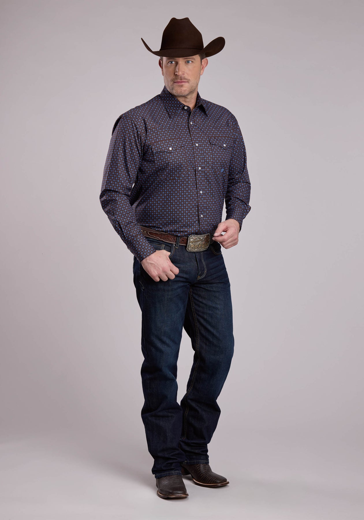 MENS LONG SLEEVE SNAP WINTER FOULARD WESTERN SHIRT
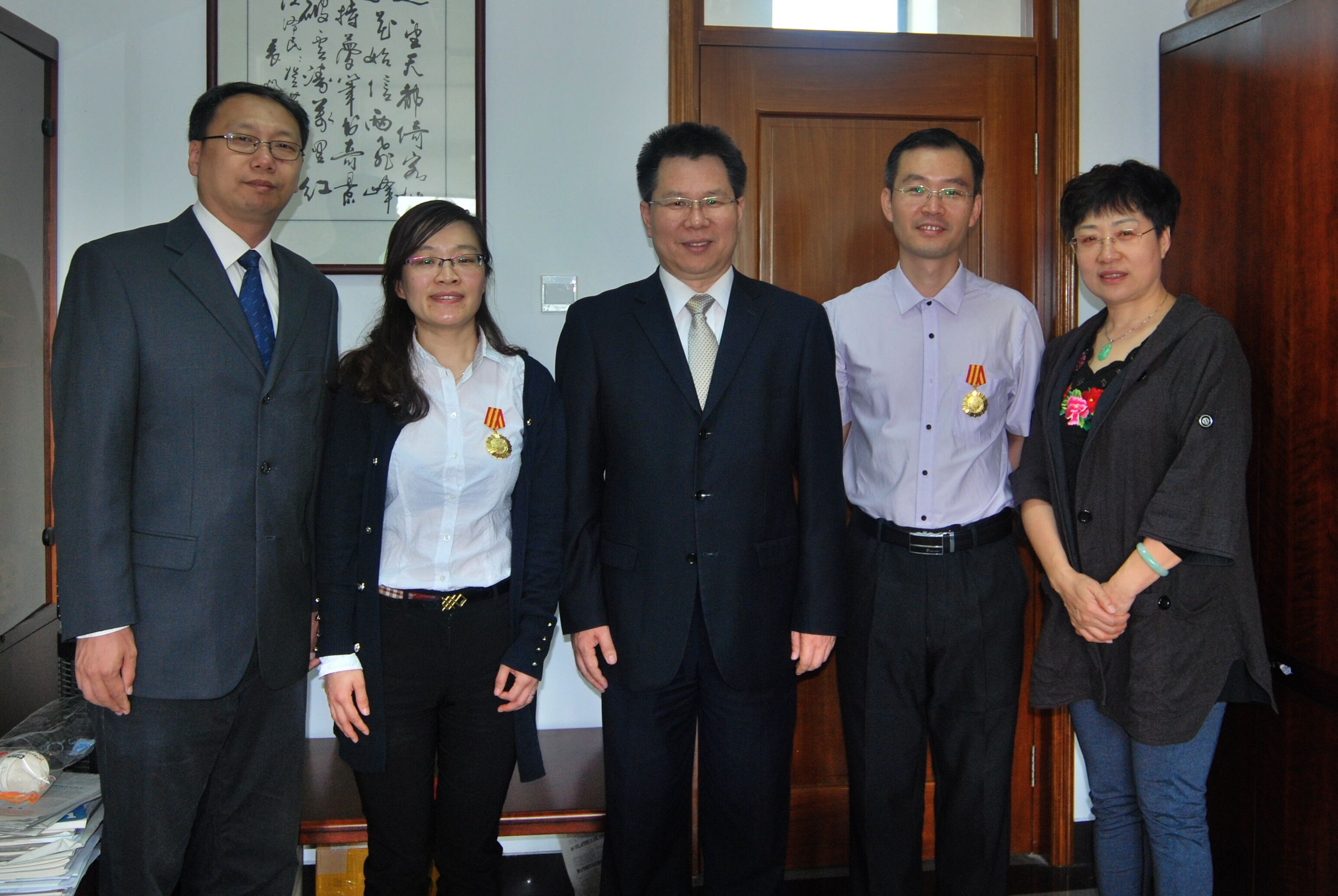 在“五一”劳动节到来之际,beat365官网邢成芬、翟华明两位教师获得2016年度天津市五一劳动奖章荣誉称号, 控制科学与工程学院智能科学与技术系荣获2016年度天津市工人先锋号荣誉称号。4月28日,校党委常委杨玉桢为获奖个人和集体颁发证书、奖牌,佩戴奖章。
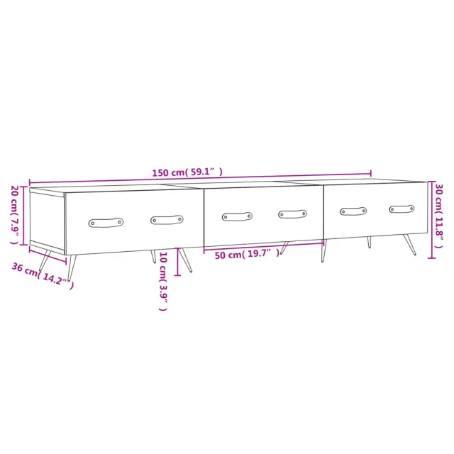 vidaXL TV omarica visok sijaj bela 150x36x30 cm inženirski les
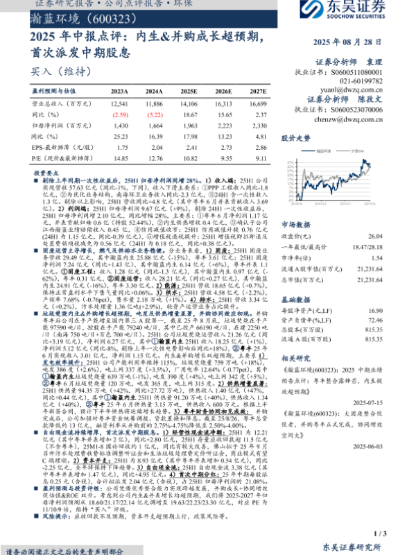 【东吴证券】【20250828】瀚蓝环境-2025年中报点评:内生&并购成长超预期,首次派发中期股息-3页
...
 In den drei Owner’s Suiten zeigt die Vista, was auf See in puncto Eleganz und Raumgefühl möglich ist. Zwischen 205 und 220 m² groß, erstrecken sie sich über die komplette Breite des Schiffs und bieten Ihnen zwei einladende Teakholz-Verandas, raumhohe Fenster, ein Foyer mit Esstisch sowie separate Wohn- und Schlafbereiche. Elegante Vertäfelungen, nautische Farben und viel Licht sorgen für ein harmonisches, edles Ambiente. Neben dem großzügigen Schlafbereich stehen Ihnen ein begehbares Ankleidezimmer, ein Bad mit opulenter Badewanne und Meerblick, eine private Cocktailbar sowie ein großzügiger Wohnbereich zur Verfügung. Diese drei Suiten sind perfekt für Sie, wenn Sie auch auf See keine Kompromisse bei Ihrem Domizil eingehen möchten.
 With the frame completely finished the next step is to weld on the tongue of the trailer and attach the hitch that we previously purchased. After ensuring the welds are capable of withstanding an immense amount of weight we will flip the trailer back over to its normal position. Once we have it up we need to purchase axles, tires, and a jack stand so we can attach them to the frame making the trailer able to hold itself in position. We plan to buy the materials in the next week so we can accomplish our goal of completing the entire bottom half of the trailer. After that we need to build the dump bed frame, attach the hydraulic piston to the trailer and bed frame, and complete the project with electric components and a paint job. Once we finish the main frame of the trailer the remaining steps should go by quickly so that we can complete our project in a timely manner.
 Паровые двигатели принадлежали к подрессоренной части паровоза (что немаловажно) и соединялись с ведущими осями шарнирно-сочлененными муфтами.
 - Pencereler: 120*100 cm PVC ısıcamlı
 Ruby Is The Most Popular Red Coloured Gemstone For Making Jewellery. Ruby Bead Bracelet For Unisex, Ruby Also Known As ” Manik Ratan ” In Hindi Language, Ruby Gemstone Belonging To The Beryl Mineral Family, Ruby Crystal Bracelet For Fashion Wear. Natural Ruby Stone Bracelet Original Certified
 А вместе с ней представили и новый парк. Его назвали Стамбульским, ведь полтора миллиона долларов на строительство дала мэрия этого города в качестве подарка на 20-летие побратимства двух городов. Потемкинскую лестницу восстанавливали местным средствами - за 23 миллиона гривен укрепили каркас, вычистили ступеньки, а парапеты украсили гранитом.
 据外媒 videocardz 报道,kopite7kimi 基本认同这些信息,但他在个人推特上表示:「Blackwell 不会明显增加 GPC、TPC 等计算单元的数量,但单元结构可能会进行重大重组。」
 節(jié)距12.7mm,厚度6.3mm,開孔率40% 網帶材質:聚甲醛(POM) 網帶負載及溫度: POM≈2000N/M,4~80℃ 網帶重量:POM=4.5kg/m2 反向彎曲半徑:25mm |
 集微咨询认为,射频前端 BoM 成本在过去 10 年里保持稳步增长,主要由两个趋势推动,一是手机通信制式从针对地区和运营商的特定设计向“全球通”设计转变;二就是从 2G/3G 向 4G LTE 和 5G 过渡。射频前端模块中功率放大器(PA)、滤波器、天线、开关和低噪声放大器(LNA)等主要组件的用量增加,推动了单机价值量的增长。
--
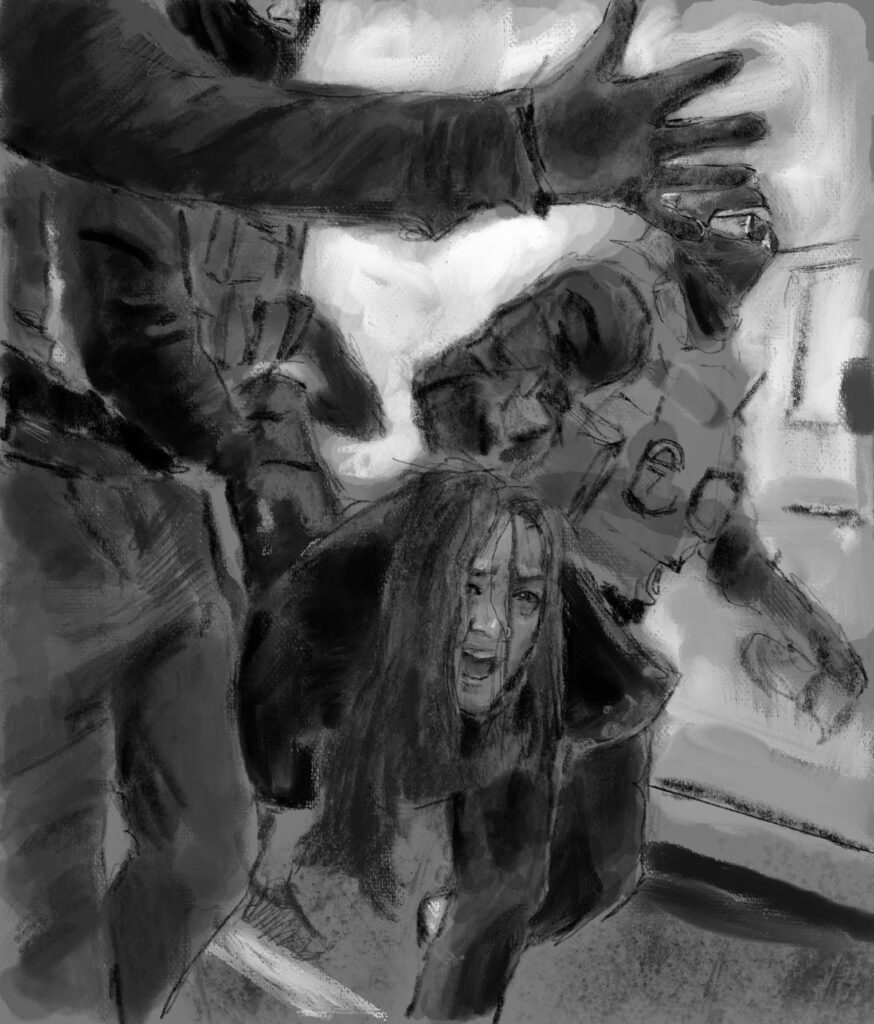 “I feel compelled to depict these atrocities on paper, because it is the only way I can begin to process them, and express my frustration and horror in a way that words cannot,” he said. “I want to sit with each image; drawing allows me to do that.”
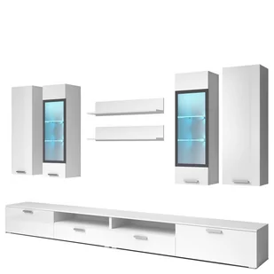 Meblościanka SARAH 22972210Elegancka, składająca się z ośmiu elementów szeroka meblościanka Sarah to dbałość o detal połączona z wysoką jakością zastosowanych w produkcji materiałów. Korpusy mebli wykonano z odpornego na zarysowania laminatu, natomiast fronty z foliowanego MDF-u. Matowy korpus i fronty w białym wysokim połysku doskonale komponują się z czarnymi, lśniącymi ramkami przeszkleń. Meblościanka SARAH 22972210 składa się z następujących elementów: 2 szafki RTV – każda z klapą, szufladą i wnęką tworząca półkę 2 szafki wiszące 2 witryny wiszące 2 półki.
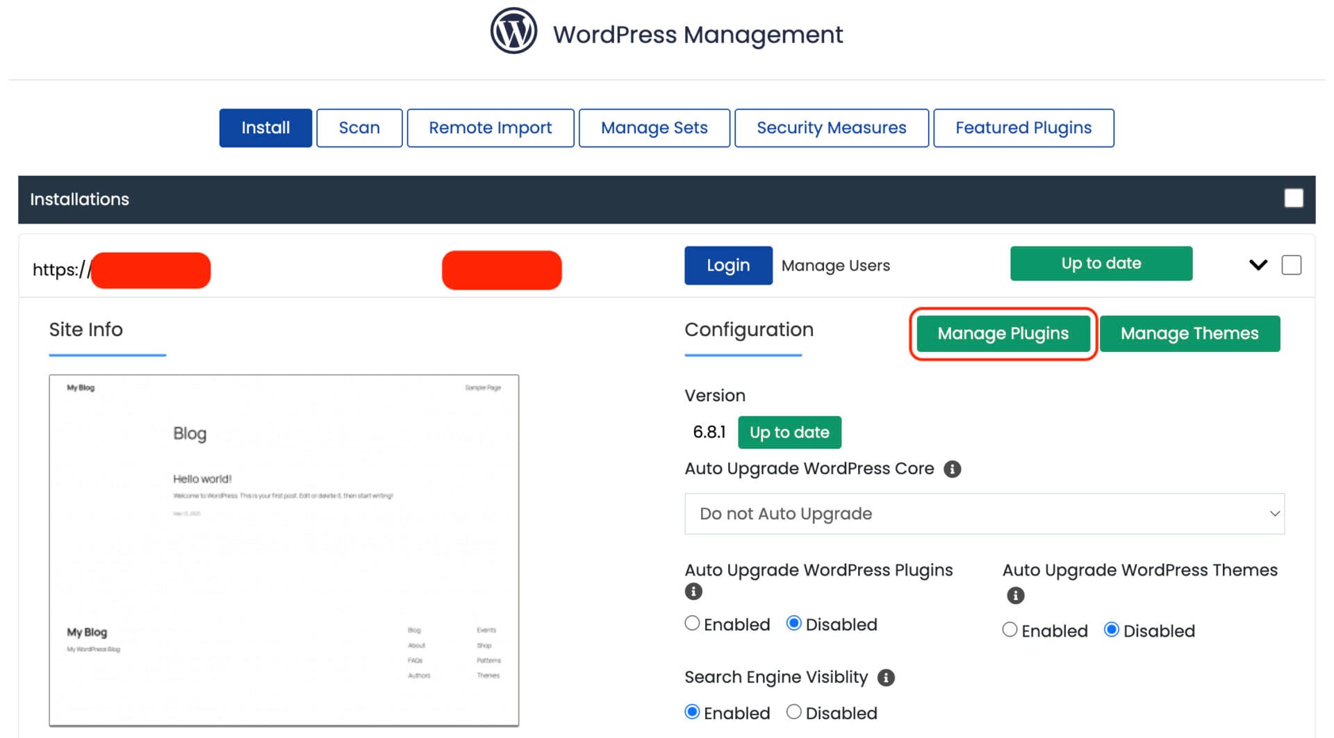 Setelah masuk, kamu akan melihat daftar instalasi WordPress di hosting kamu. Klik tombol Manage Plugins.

— What to produce —
Of the entries listed above, reproduce only the lines starting at the line containing "網帶重量:POM=4.5kg/m2 反向彎曲半徑:25mm |" and ending at the line containing "集微咨询认为,射频前端 BoM 成本在过去". Include both, exactly as they stand.

— Result —
 節(jié)距12.7mm,厚度6.3mm,開孔率40% 網帶材質:聚甲醛(POM) 網帶負載及溫度: POM≈2000N/M,4~80℃ 網帶重量:POM=4.5kg/m2 反向彎曲半徑:25mm |
 集微咨询认为,射频前端 BoM 成本在过去 10 年里保持稳步增长,主要由两个趋势推动,一是手机通信制式从针对地区和运营商的特定设计向“全球通”设计转变;二就是从 2G/3G 向 4G LTE 和 5G 过渡。射频前端模块中功率放大器(PA)、滤波器、天线、开关和低噪声放大器(LNA)等主要组件的用量增加,推动了单机价值量的增长。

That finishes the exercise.